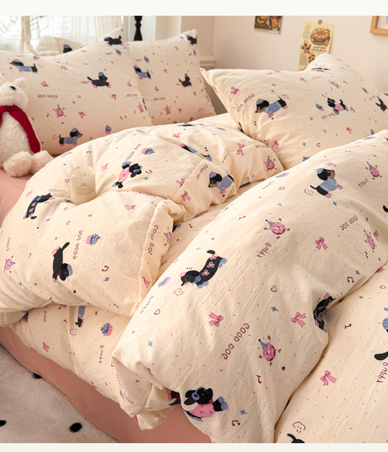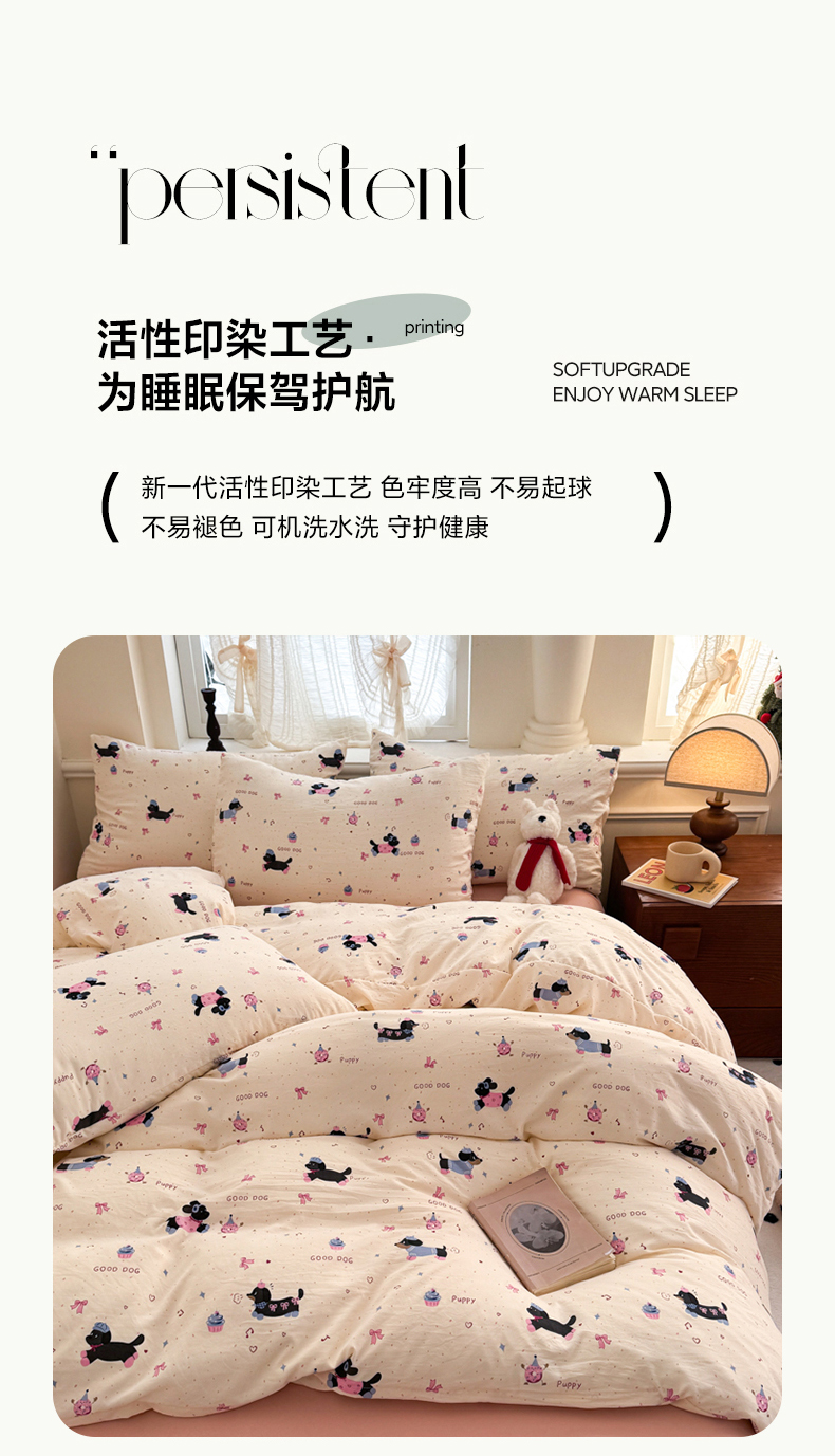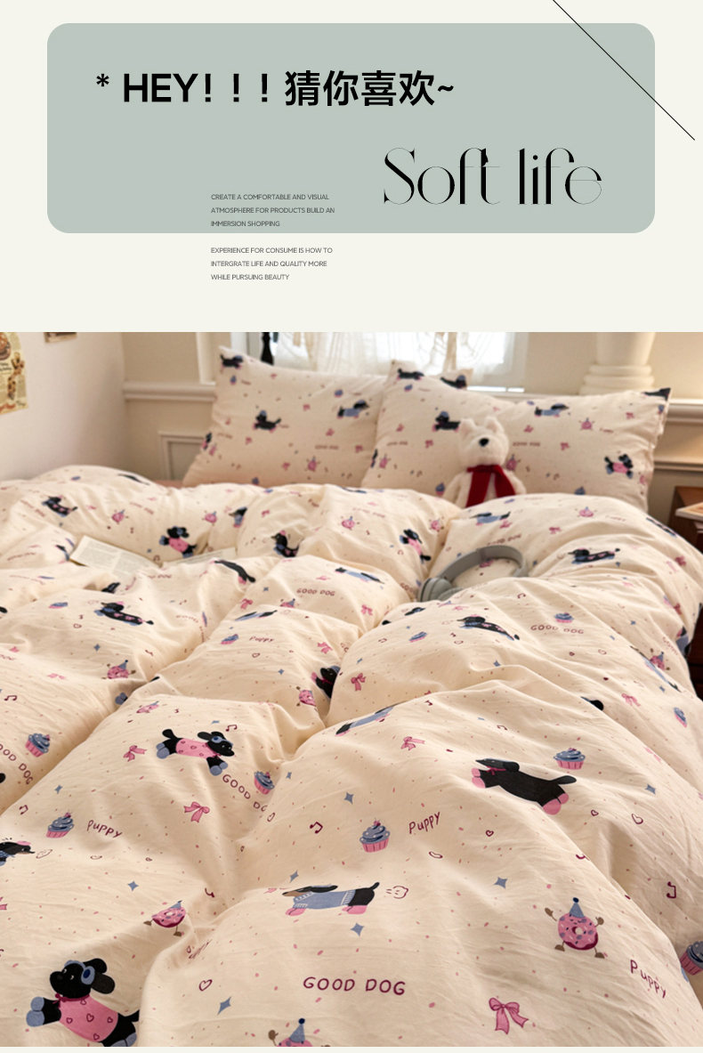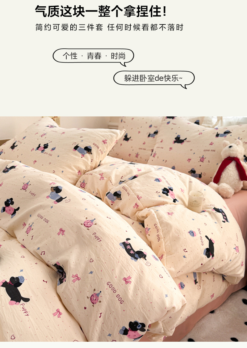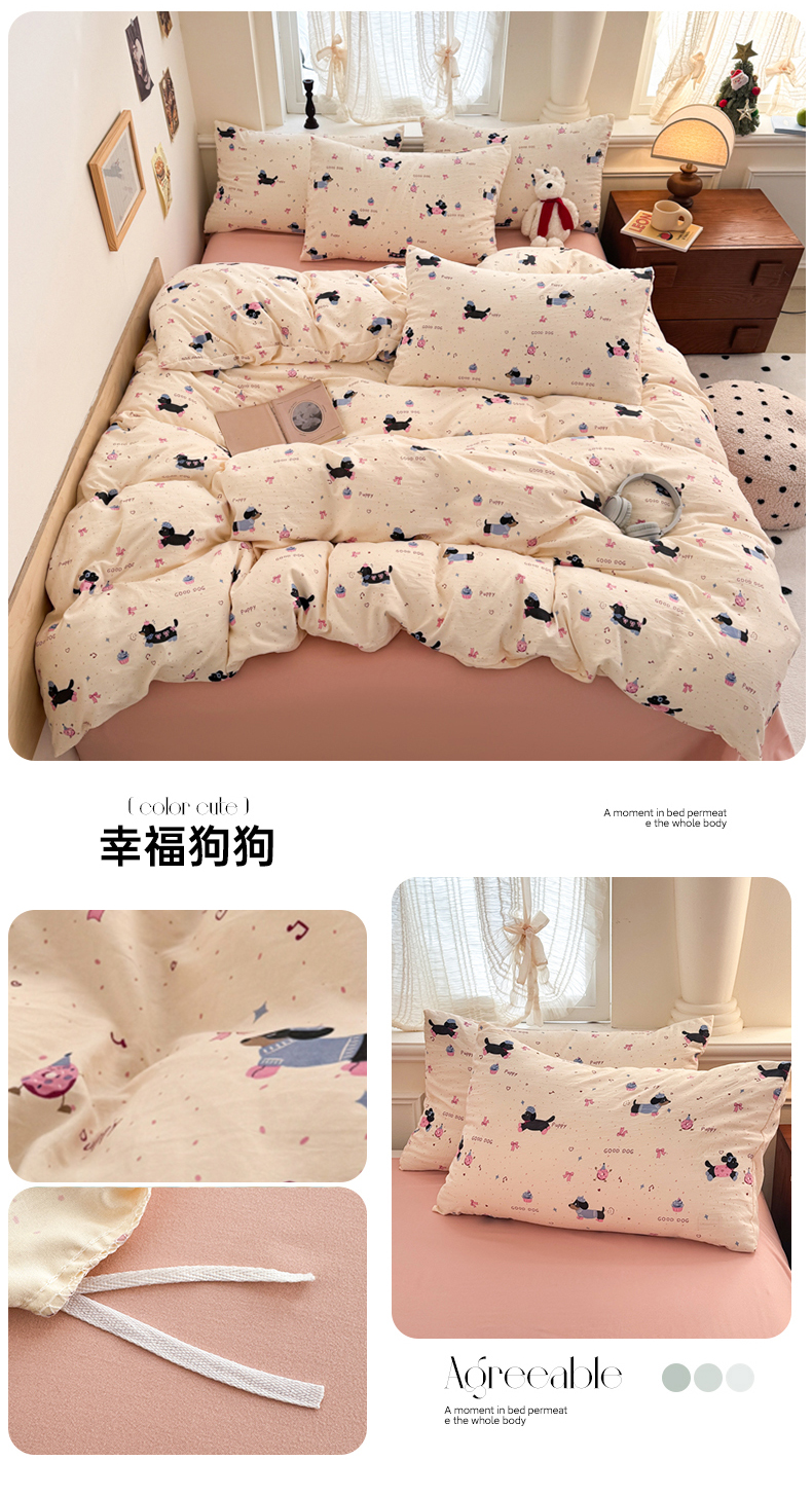 当前位置: 91家纺网 > 商品网购 > 床品套件 > 四件套 > 水洗棉四件套 > 晚爱家纺(原晚安家居) 2025新款超柔水洗棉四件套卡通小清新学生宿舍三件套 幸福狗狗
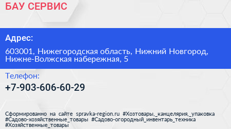 БАУ СЕРВИС по адресу 603001, Нижегородская область, Нижний Новгород, Нижне-Волжская набережная, 5 в дальнейшем Организация, размещена в следующих категориях:
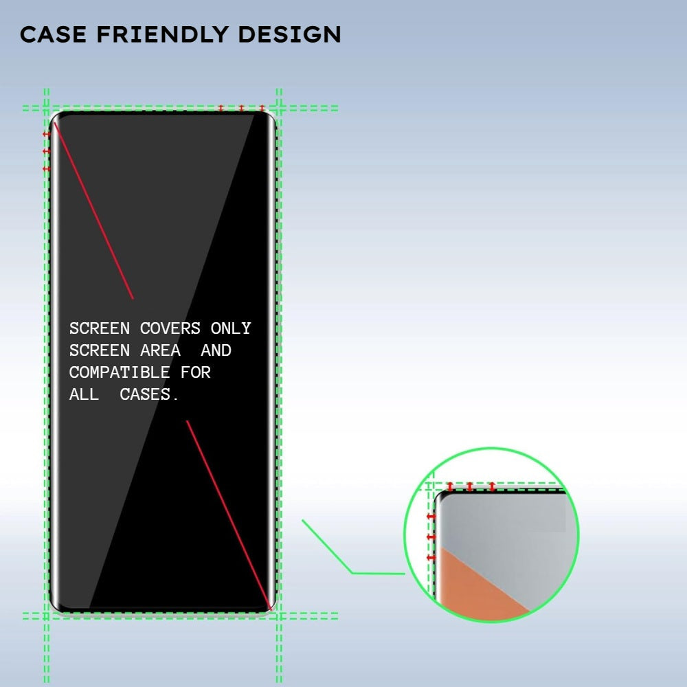 - CASE FRIENDLY - Due to the curved edge design of phone, to ensure the UV tempered glass to be compatible with all the phone cases, enough space is left at edges, providing a maximum protection for your phone screen including the curved edge.
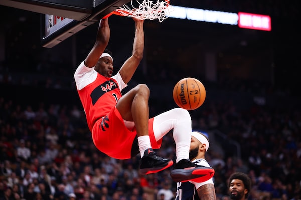 Scottie Barnes (4) led the Raptors in rebounds, steals and blocks and tied for the team lead in assists this season with point guard Immanuel Quickley.Frank Gunn/The Canadian Press

--- WHAT TO WORK ON ---
Take the lines of the material above from the first through the one containing "БАУ СЕРВИС по", both included, and print them exactly without the pictures.

--- RESPONSE AREA ---
 当前位置: 91家纺网 > 商品网购 > 床品套件 > 四件套 > 水洗棉四件套 > 晚爱家纺(原晚安家居) 2025新款超柔水洗棉四件套卡通小清新学生宿舍三件套 幸福狗狗
 БАУ СЕРВИС по адресу 603001, Нижегородская область, Нижний Новгород, Нижне-Волжская набережная, 5 в дальнейшем Организация, размещена в следующих категориях:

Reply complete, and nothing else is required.